Sazanova, friend of Suvorin, read in Dec 1895 and anticipated public opinion:
‘I read The Seagull. A thoroughly depressing impression. In literature only Chekhov, in music Chopin make that impression on me, like a stone on your soul, you can’t breathe. It is unrelieved gloom. (Rayfield 355)
Chekhov read the play out loud to a group in Moscow in the same month. One of those present recorded:
‘I remember the impression the play made. It was like
Arkadina’s reaction to Treplev’s play: “Decadence!”
“New forms?” … I remember the argument, the noise…
Korsh’s amazement: “Dear boy, that’s bad theatre: you have a man shoot himself off-stage and don’t even let him speak before he dies!’ etc. I remember Chekhov’s face, half embarrassed, half stern.’ (Rayfield 355)
Vasili Nemirovich-Danchenko
(brother of Vladimir who would mount the great production at
Moscow Arts Theatre) wrote to his brother of the disastrous premiere at the Aleksandrinski Theatre, St
Petersburg: “This isn’t a play. There is nothing theatrical in it. I think
Chekhov is dead for stage. .. The auditorium expected something great and got a bad, boring piece.”
(457)
The Moscow Arts Theatre production: December 1898
After the disaster at the Aleksandrinksy in Petersburg, Chekhov had to be persuaded to give his blessing to the Moscow production planned by
Nemirovich…
Nemirovich to Chekhov, April 25 1898:
The Seagull enthralls me and I will stake anything you like that these hidden dramas and tragedies in every single character of the play, given a skilful, extremely conscientious production without banalities, can enthrall the auditorium too. […] Our theatre is beginning to arouse the strong indignation of the Imperial theatres.
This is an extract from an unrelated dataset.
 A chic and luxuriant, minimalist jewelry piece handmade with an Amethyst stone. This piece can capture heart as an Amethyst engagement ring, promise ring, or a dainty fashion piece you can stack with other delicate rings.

They understand we are making war on routine, clichés, recognized geniuses and so on. (15-6)
Nemirovich to Chekhov, May 12 1898:
The Seagull is the only contemporary play that excites me as a director and you are the only contemporary writer who presents any great interest for a theatre with an educational repertoire. (16)
Nemirovich to Chekhov, May 31 1898:
I am going through The Seagull and keep trying to find those little bridges over which a director must take his audience and lead them away from their beloved routine. Audiences still can’t (and maybe never will) surrender to the mood of the play: it must be put over very firmly. (18)
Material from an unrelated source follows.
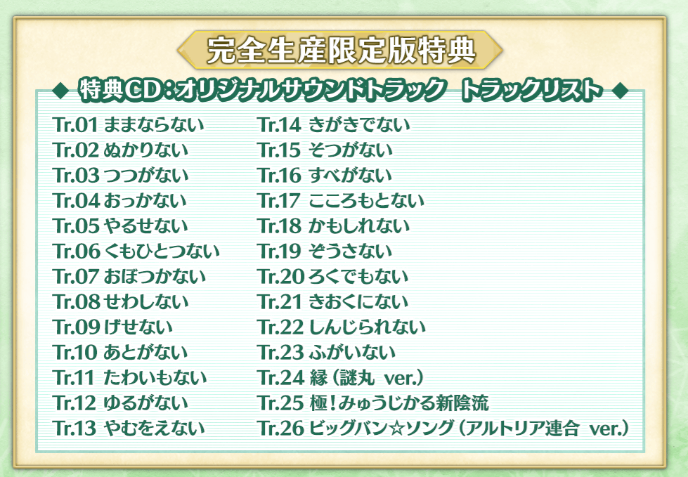 アニメ「Fate/Grand Order 藤丸立香はわからない」Season2のBlu-ray&DVD特典CDのトラックリスト・試聴動画を解禁いたしました。
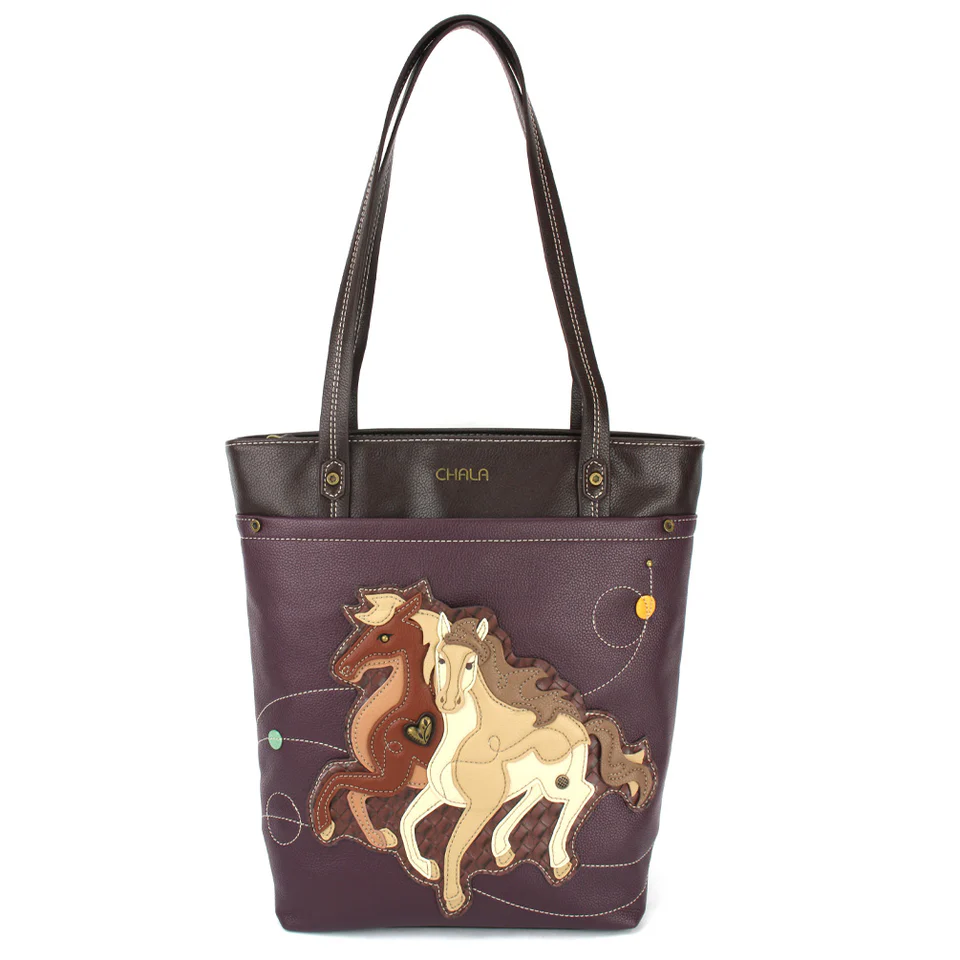 Deluxe Everyday Tote – Horses – plum

Nemirovich to Chekhov, August 24, 1898:
We are at the planning stage, trying out the tones or rather the half-tones in which The Seagull must be done
[…] I have never been so in love with your talent as I am now, when I have had occasion to go to the very heart of your play. (32)
Nemirovich to Stanislavski (on receiving the latter’s plans for the first three acts), September 2, 1898:
The Seagull is written in delicate pencil and demands, in my view, great care in the staging. There are passages which could easily create an awkward impression. I should take out anything which disposes the audience to unnecessary laughter so that they may be ready to receive the best passages in the play. So, for example, during the performance of Treplev’s play, the rest of the cast should not act full out. Otherwise it will all too easily for the house to focus on the onstage audience rather than on Treplev and Nina. At that point Treplev and Nina’s tense, decadent, somber mood must dominate the frivolous mood of the other characters.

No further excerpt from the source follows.